马不停蹄地立即倒戈,丝毫不在乎现在沧海院的观念是罂粟院的主要攻击对象,自身院校不要了,身份也不要了,脸也不要了。
她敏锐地立即切换立场,再次大力帮助孔翎的观念传播,成功让学生们上下吵成一团,她盆满钵满。
要不怎么说黑心生意人呢。
至于黎问音......
邢蕊唯利益至上,很难说她真正在这两党争辩中站谁。
但她期待着。
黎问音,又会有什么样的表现。
她好像真的能改变这个时代。
——
舆论中心的黎问音现在的日子其实过得挺清闲。
洗清罪名,复刻小白瓷的工作,得到了地下狱才能开始。
她现在暂住在拷问室里,倒是有些无聊了。
于是她莫名玩起了塔罗牌。
这是周小面包带给她的。
他作为拷问官进来,一把鼻涕一把泪地偷偷给她塞牌,梨花带雨地叮嘱她好好活着哦不要想不开,这是他很喜欢玩的,也给她玩。
黎问音没明白他的脑回路,她想的很开,甚至很开心。
但给都给了,就玩一下吧。
黎问音拿起塔罗牌就开始占卜。
送饭进来的尉迟权,看到的就是蹲着玩牌的黎问音。
“在做什么?”
“又又你来了,”黎问音一脸严肃地昂首,“你看啊,我给你占卜了好几次,你次次都是暴君,我感觉很成问题,来,跟我念,富强民主文明和谐......”
尉迟权:“......”
他放下饭,随口问:“只玩这个不无聊吗?别的呢。

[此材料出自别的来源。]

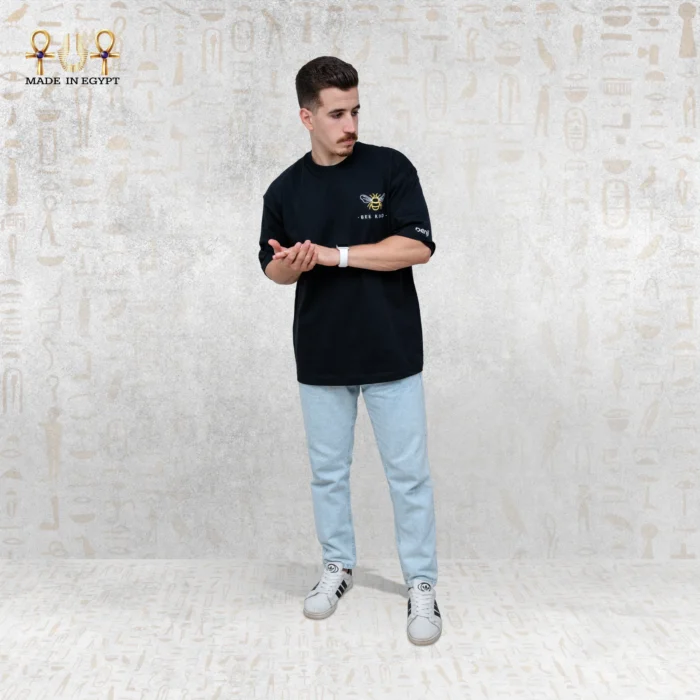 The embroidered golden bee at the chest brings warmth and brightness to the design. Accompanied by the message “BEE KIND,” it adds a thoughtful and motivational touch. Each stitch reflects fine Egyptian craftsmanship and attention to detail, ensuring that the embroidery remains vibrant and elegant. In addition, the subtle contrast between the golden thread and the neutral background gives the T-shirt a refined yet cheerful appearance.

”
“别的?玩什么,刑具吗?”
黎问音环顾一圈。
紧闭的拷问室大门,周围一圈刑具,冰冷的桌椅,手腕上的锁铐。
以及孤男寡女。
黎问音纠结:“你要来这些吗?这太刺激了吧,我还没准备好......”
尉迟权:“......”
什么跟什么。
看来她是真没事了,又开始胡说八道了。